Illustration of Kerr effect used to detect magnetization through the rotation of polarized light when it interacts with electron spins in a material. Shown are layers of chromium germanium telluride (CGT). The orange balls represent tellurium atoms, yellow is germanium, and blue is chromium. Credit: Zhenglu Li/Berkeley Lab

Study reveals unprecedented control of ferromagnetic behavior in 2D material. The scientists found that a 2D van der Waals crystal, part of a class of material whose atomically thin layers can be peeled off one by one with adhesive tape, possessed an intrinsic ferromagnetism.The discovery could have major implications for a wide range of applications that rely upon ferromagnetic materials, such as nanoscale memory, spintronic devices, and magnetic sensors. Xiang Zhang, UC Berkeley professor. “This experiment presents smoking-gun evidence for an atomically thin – and atomically flat – magnet, which surprised many people. It opens the door for exploring fundamental spin physics and spintronic applications at low dimensions.”
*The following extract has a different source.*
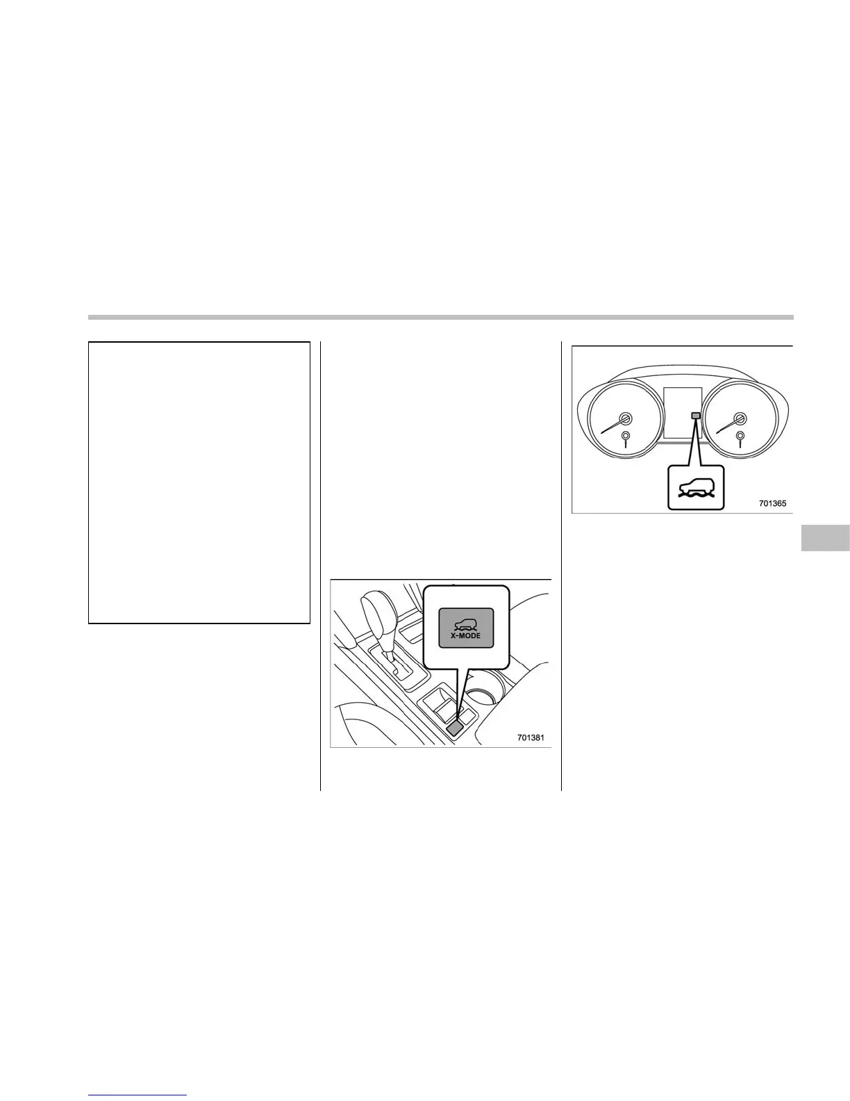 Starting and operating/X–mode (Outback CVT models)

The study tackles a long-standing issue in quantum physics about whether magnetism would survive when materials shrink down to two dimensions. For half a century, the Mermin-Wagner theorem has addressed this question by stating that if 2D materials lack magnetic anisotropy, a directional alignment of electron spins in the material, there may be no magnetic order. “Interestingly, we found that magnetic anisotropy is an inherent property in the 2D material we studied, and because of this characteristic, we were able to detect the intrinsic ferromagnetism,” said Cheng Gong, a postdoctoral researcher in Zhang’s lab.

Van der Waals crystals describe materials in which the 2D layers are not connected to each other via traditional bonds, allowing them to be easily exfoliated with tape. Research on graphene, the most well-known van der Waals material, earned the Nobel Prize in physics in 2010. Gong estimates that for this study, he peeled off > 3,000 flakes of chromium germanium telluride (Cr2Ge2Te6, or CGT). While CGT has existed as a bulk material for decades, the researchers say the 2D flakes could represent an exciting new family of 2D van der Waals crystal. “CGT is also a semiconductor, and the ferromagnetism is intrinsic,” said Jing Xia, UC Irvine associate professor of physics and astronomy. “That makes it cleaner for applications in memory and spintronics.”
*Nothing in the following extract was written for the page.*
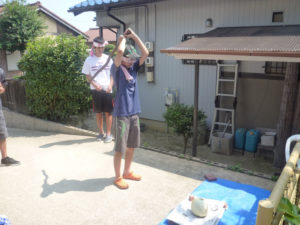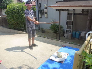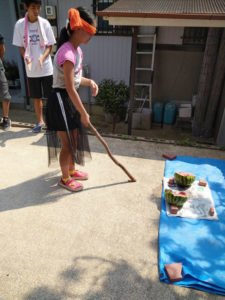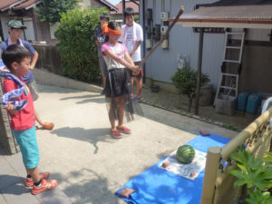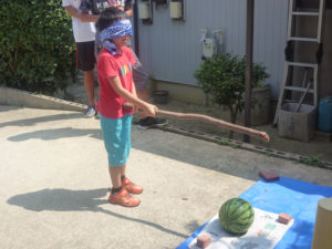 8月21日 谷渕修平さんお孫さんのスイカ・メロン割

The researchers detect the magnetization from atomically thin materials using a technique called magneto-optic Kerr effect. The method involves the super-sensitive detection of the rotation of linearly polarized light when it interacts with electron spins in the material.The key to one of the more surprising findings is that the magnetic anisotropy was very small in the CGT material. That enabled researchers to easily control the temperature at which the material loses its ferromagnetism, known as the transition or Curie temperature.

“This is a significant discovery,” said Gong, “People believe that the Curie temperature is an inherent property of a magnetic material and cannot be changed. Our study shows that it can.” The researchers showed that they could control the transition temperature of the CGT flake using surprisingly small magnetic fields of 0.3 tesla or less.

“Thin films of metals like iron, cobalt, and nickel, unlike 2D van der Waals materials, are structurally imperfect and susceptible to various disturbances, which contribute to a huge and unpredictable spurious anisotropy,” said Gong. “In contrast, the highly crystalline and uniformly flat 2D CGT, together with its small intrinsic anisotropy, allows small external magnetic fields to effectively engineer the anisotropy, enabling an unprecedented magnetic field control of ferromagnetic transition temperatures.”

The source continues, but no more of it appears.